Calculate potential storage savings

-- Calculate total storage used by dead end and unused tables
SELECT
  type,
  COUNT(*) AS resource_count,
  SUM(SAFE.INT64(overview.num_bytes)) AS total_bytes,
  ROUND(SUM(SAFE.INT64(overview.num_bytes)) / POW(1024, 3), 2) AS total_gb,
  ROUND(SUM(overview.cost_30d), 2) AS monthly_cost_usd,
  ROUND(SUM(overview.savings_30d), 2) AS monthly_savings_usd
FROM `masthead-prod`.DATASET_NAME.insights
WHERE category = 'Cost'
  AND subtype IN ('Dead end table', 'Unused table')
  AND overview.num_bytes IS NOT NULL
GROUP BY type
ORDER BY total_bytes DESC;

Get insights by project

-- View insights grouped by project
SELECT
  project_id,
  type,
  COUNT(*) AS insight_count,
  SUM(SAFE.INT64(overview.num_bytes)) AS total_bytes
FROM `masthead-prod`.DATASET_NAME.insights
WHERE category = 'Cost'
  AND subtype IN ('Dead end table', 'Unused table')
  AND overview.num_bytes IS NOT NULL
GROUP BY project_id, type
ORDER BY total_bytes DESC;

Storage billing model recommendations

-- Get a DDL statement to alter the storage billing model for recommended datasets
SELECT
  *,
  CONCAT('ALTER SCHEMA `', SAFE.STRING(operations[0].resource_name), '` SET OPTIONS(storage_billing_model = "', SAFE.STRING(operations[0].recommended_storage_billing_model),'");') AS ddl
FROM `masthead-prod`.DATASET_NAME.insights
WHERE type = 'Storage billing model'
ORDER BY
  FLOAT64(overview.savings_30d) DESC

AI agent skills

To automate the analysis of cost optimization recommendations programmatically using AI agents, such as Google Antigravity or Claude Code, you can configure pre-built agent skills. These skills help agents query and interpret this insights table to recommend standard or enterprise compute models, alter dataset billing options, or identify dead-end tables.
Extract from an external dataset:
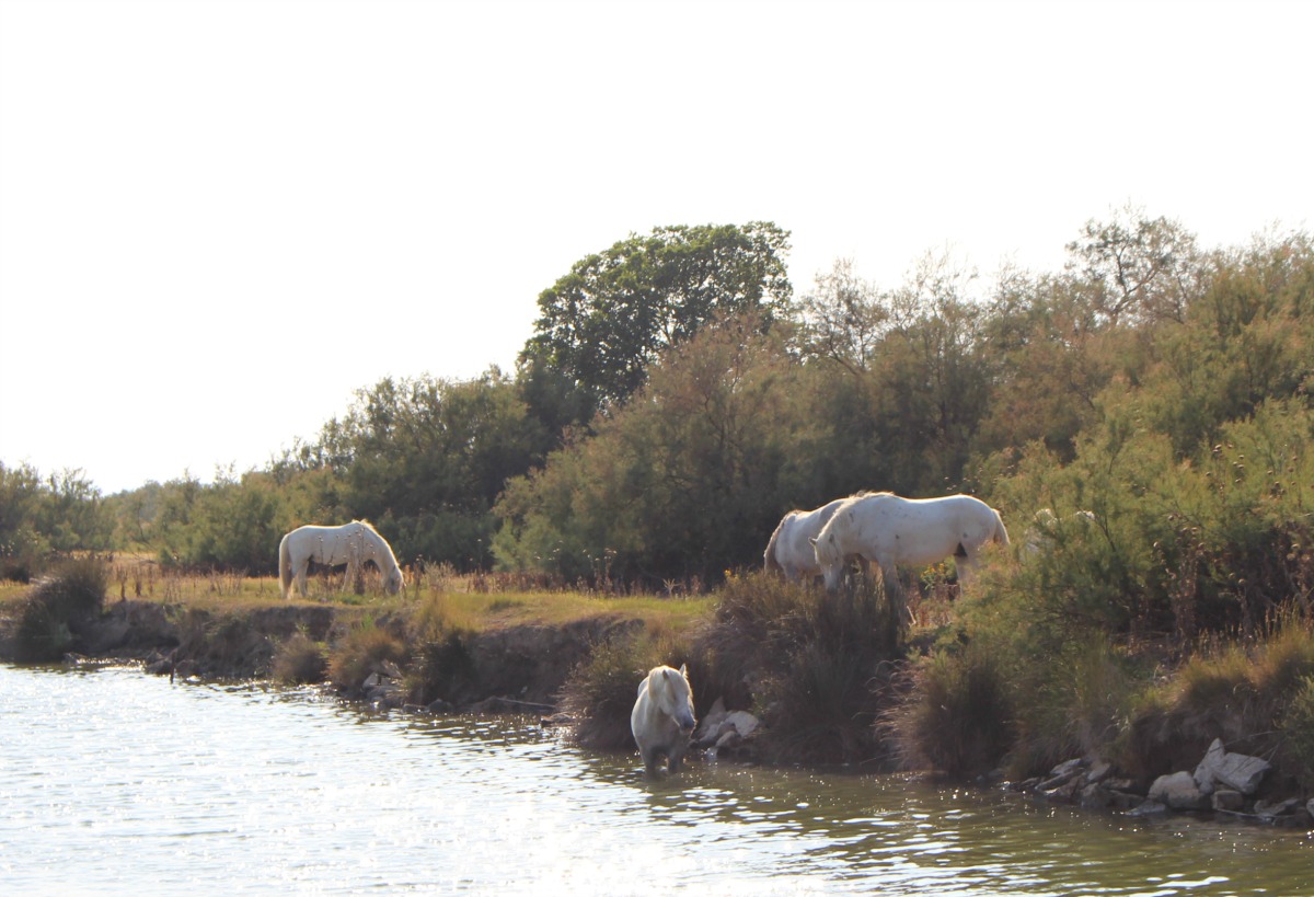 Le premier sentiment que j’ai eu, une fois l’appréhension passée, c’est un sentiment d’extrême liberté, j’avais vraiment l’impression qu’on était les rois du monde !! Seuls, libres, avec notre bateau et le soleil, au calme (ou avec la musique, on avait notre ghetto blaster ^^), dans un décor ultra sympathique (la Camargue et la petite Camargue), on était vraiment bien.

For a list of available FinOps agent skills, see the AI agent skills guide.

Limitations

Preview Version: This is an early preview version and the schema may change based on feedback.
Data Freshness: Masthead updates insights daily based on usage patterns and lineage analysis.
Data Retention: Insights include the most recent data from the account’s configured lookback window, which defaults to 30 days.
False Positives: see details in Dead-end and Unused Tables section.

Best practices

Review Before Action: Always manually verify insights before taking action on production data.
Test Removals: Consider moving tables to a staging area before permanent deletion.
Check Dependencies: Cross-reference with the lineage table to understand data dependencies.
Monitor Trends: Regular review of insights can help identify data management patterns and opportunities.
Coordinate with Teams: Ensure data owners are aware before removing resources they may depend on.